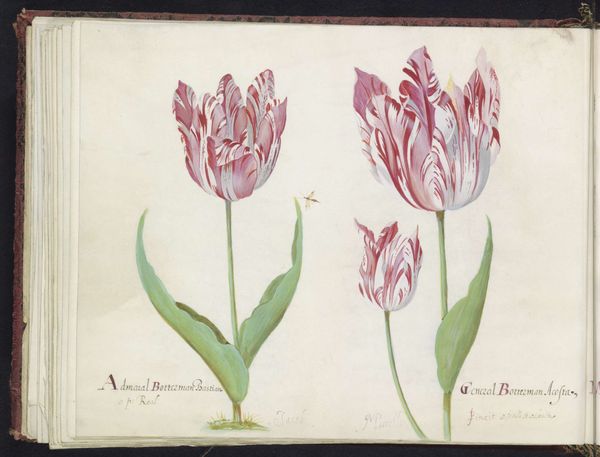 Editor: This watercolor, titled "Two Tulips with Butterfly," was painted by Jacob Marrel around 1637. It’s striking how the red streaks pop against the white petals. What is your perspective on this piece? Curator: The structure is rather compelling, isn’t it? Note how Marrel utilizes the white space to frame the tulips. This choice emphasizes the intricate details of their forms and allows the eye to focus on the variations in color and texture. The butterfly provides a small focal counterpoint and emphasizes through contrast the formal properties of the flowers. Editor: So you're saying that the empty background and even the inclusion of that single butterfly are all about directing our attention to the tulips themselves? Curator: Precisely. It minimizes distractions, allowing the tulips’ linear elegance to take center stage. Notice also the nuanced gradients within the red streaks. How do these color gradations play a part? Editor: I see that they almost create an internal structure, giving each petal depth and making them look three-dimensional. They define the form without needing strong outlines. Curator: Yes. Marrel’s careful manipulation of light and shadow transforms flat paper into what feels like tangible form. Do you also observe how the symmetry inherent to tulips as a species, gives the image balance? Editor: That’s true, the butterfly complicates that somewhat, which is intriguing! I hadn’t really thought about botanical art in terms of its formal properties before, but you’ve given me a lot to consider. Curator: Likewise. It’s always fruitful to reconsider familiar objects and analyze the arrangement of forms and compositional structures of visual media.
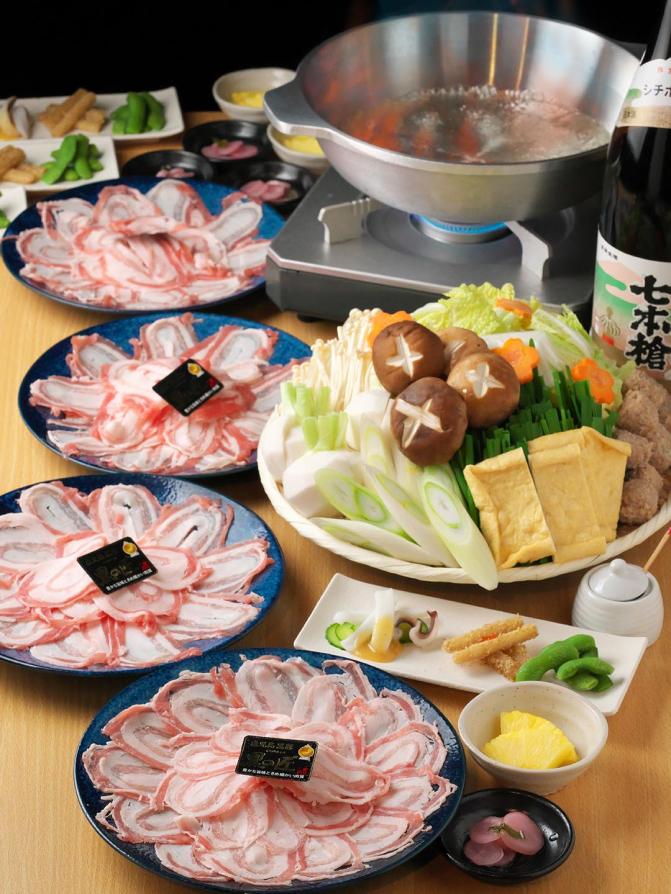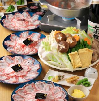 前菜/日本酒しゃぶしゃぶ・寄せ鍋(銘柄豚・とり団子・野菜盛り合わせ/豆腐/油揚げ)/〆雑炊/漬物/デザート
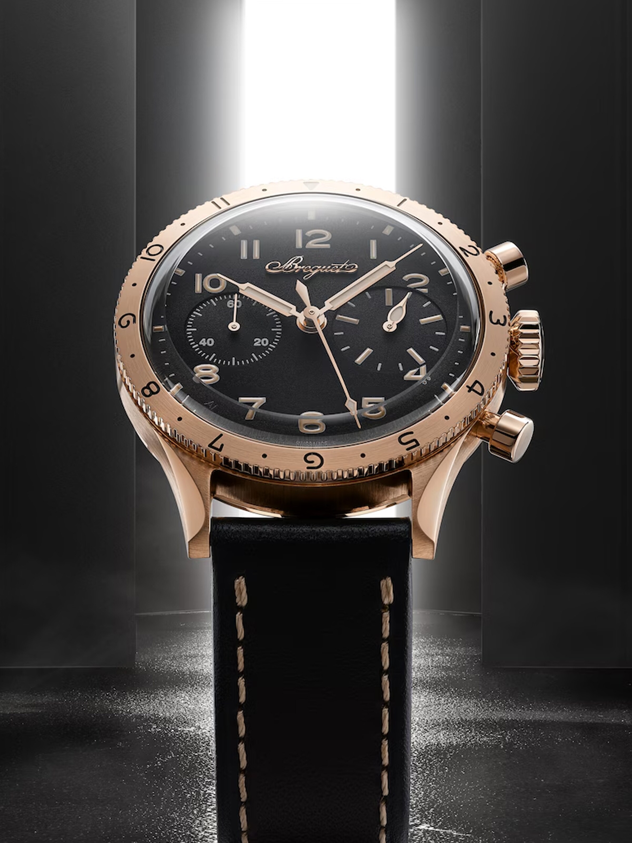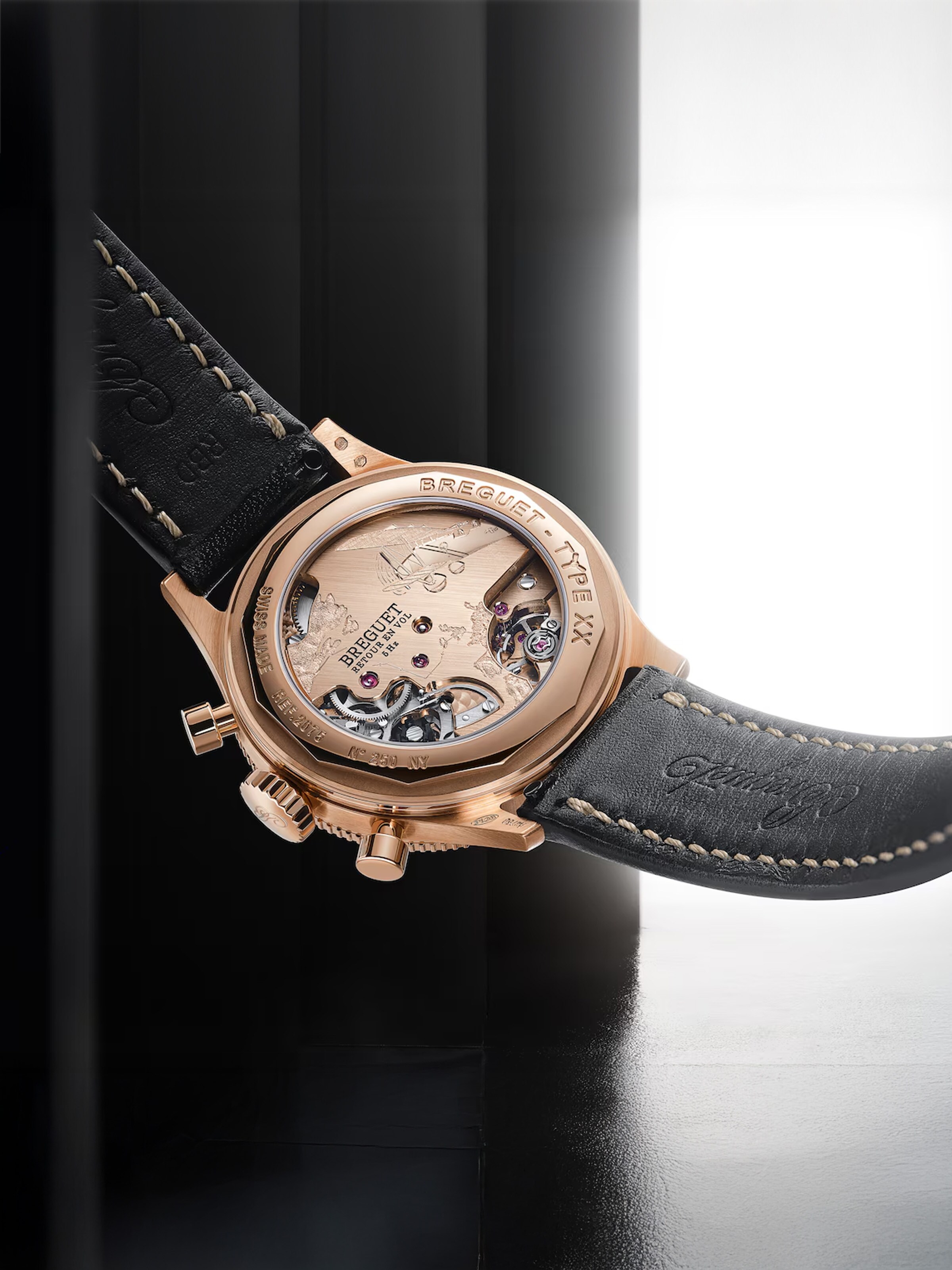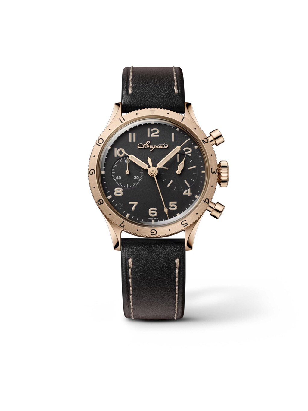 Type XX Chronographe 2075 38,3 mm, 18k Breguet-Gold mit schwarzem Kalbslederarmband, Handaufzug-Manufakturkaliber 7279 mit Chronographenfunktion | Referenz-Nr. BG000031
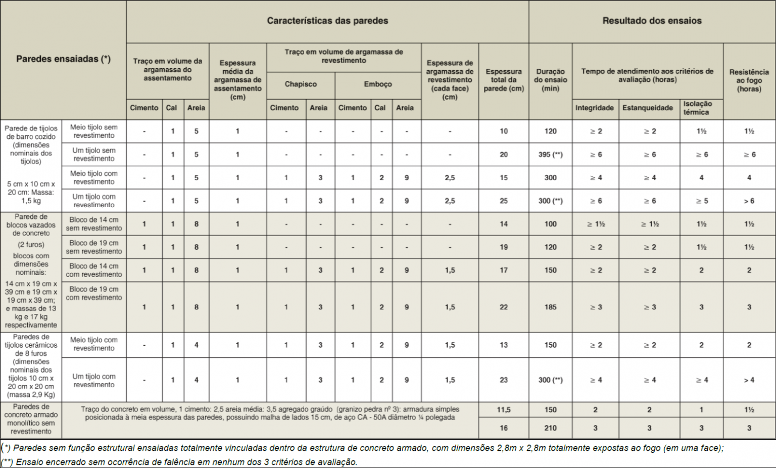 b. atendimento a tabelas elaboradas a partir de resultados obtidos em ensaios de resistência ao fogo;
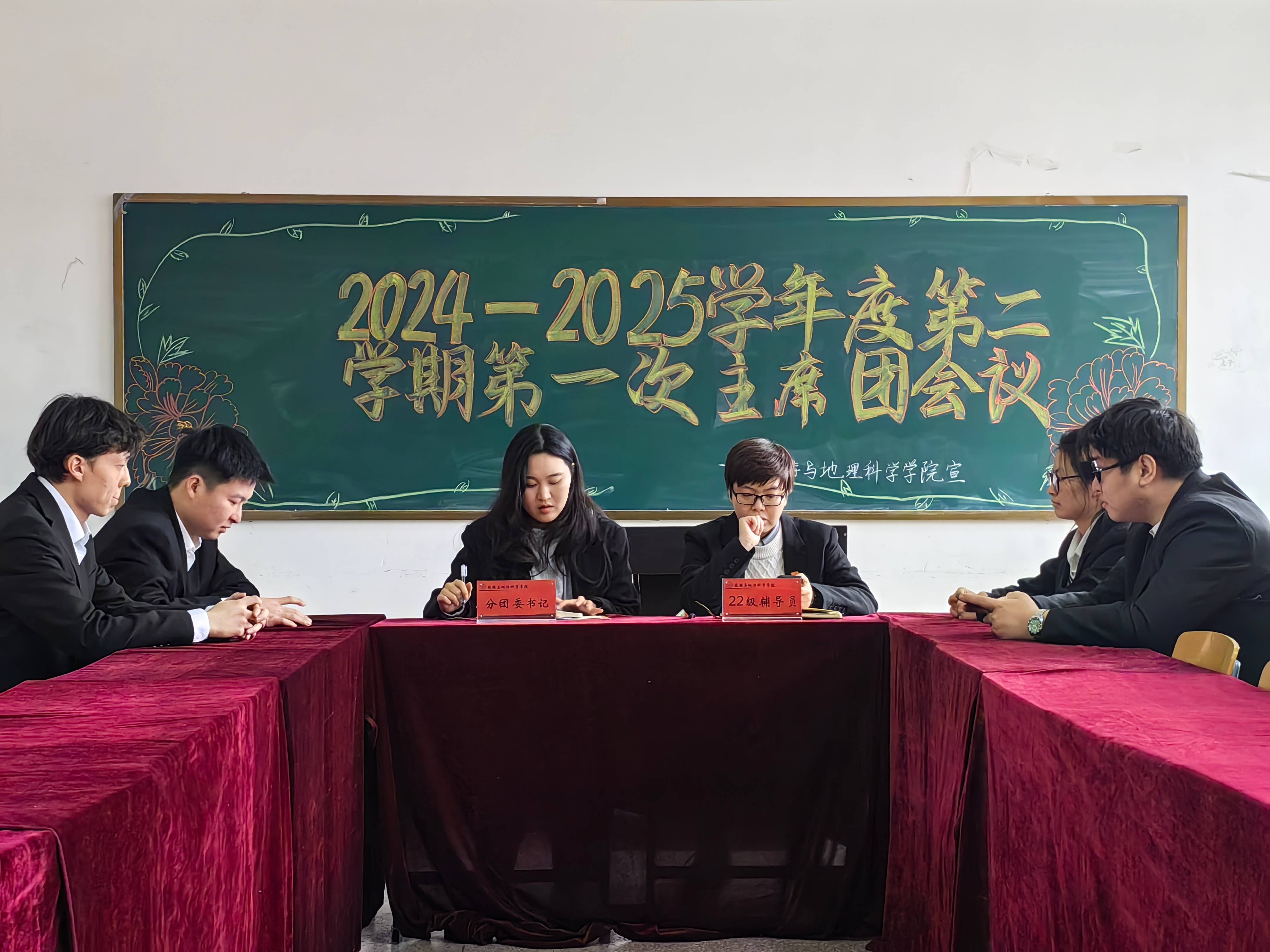 为进一步明确学期目标,凝聚团队力量,扎实推进学期重点任务、规范落实团学联迎新、换届等筹备工作, 旅游与地理科学学院于2025年3月1日14:00召开2024—2025学年度第二学期第一次主席团会议,旅游与地理科学学院分团委书记夏师澄老师、辅导员张卓老师主持召开会议,学生会主席团成员张澄俨、杨明远,社团管理中心主席团成员魏露露、孙圣博参加本次会议。
-----
The entries above are to be retyped exactly, with each picture left out.

REPLY TO THE EXERCISE:
 Editor: This watercolor, titled "Two Tulips with Butterfly," was painted by Jacob Marrel around 1637. It’s striking how the red streaks pop against the white petals. What is your perspective on this piece? Curator: The structure is rather compelling, isn’t it? Note how Marrel utilizes the white space to frame the tulips. This choice emphasizes the intricate details of their forms and allows the eye to focus on the variations in color and texture. The butterfly provides a small focal counterpoint and emphasizes through contrast the formal properties of the flowers. Editor: So you're saying that the empty background and even the inclusion of that single butterfly are all about directing our attention to the tulips themselves? Curator: Precisely. It minimizes distractions, allowing the tulips’ linear elegance to take center stage. Notice also the nuanced gradients within the red streaks. How do these color gradations play a part? Editor: I see that they almost create an internal structure, giving each petal depth and making them look three-dimensional. They define the form without needing strong outlines. Curator: Yes. Marrel’s careful manipulation of light and shadow transforms flat paper into what feels like tangible form. Do you also observe how the symmetry inherent to tulips as a species, gives the image balance? Editor: That’s true, the butterfly complicates that somewhat, which is intriguing! I hadn’t really thought about botanical art in terms of its formal properties before, but you’ve given me a lot to consider. Curator: Likewise. It’s always fruitful to reconsider familiar objects and analyze the arrangement of forms and compositional structures of visual media.
 前菜/日本酒しゃぶしゃぶ・寄せ鍋(銘柄豚・とり団子・野菜盛り合わせ/豆腐/油揚げ)/〆雑炊/漬物/デザート
 Type XX Chronographe 2075 38,3 mm, 18k Breguet-Gold mit schwarzem Kalbslederarmband, Handaufzug-Manufakturkaliber 7279 mit Chronographenfunktion | Referenz-Nr. BG000031
 b. atendimento a tabelas elaboradas a partir de resultados obtidos em ensaios de resistência ao fogo;
 为进一步明确学期目标,凝聚团队力量,扎实推进学期重点任务、规范落实团学联迎新、换届等筹备工作, 旅游与地理科学学院于2025年3月1日14:00召开2024—2025学年度第二学期第一次主席团会议,旅游与地理科学学院分团委书记夏师澄老师、辅导员张卓老师主持召开会议,学生会主席团成员张澄俨、杨明远,社团管理中心主席团成员魏露露、孙圣博参加本次会议。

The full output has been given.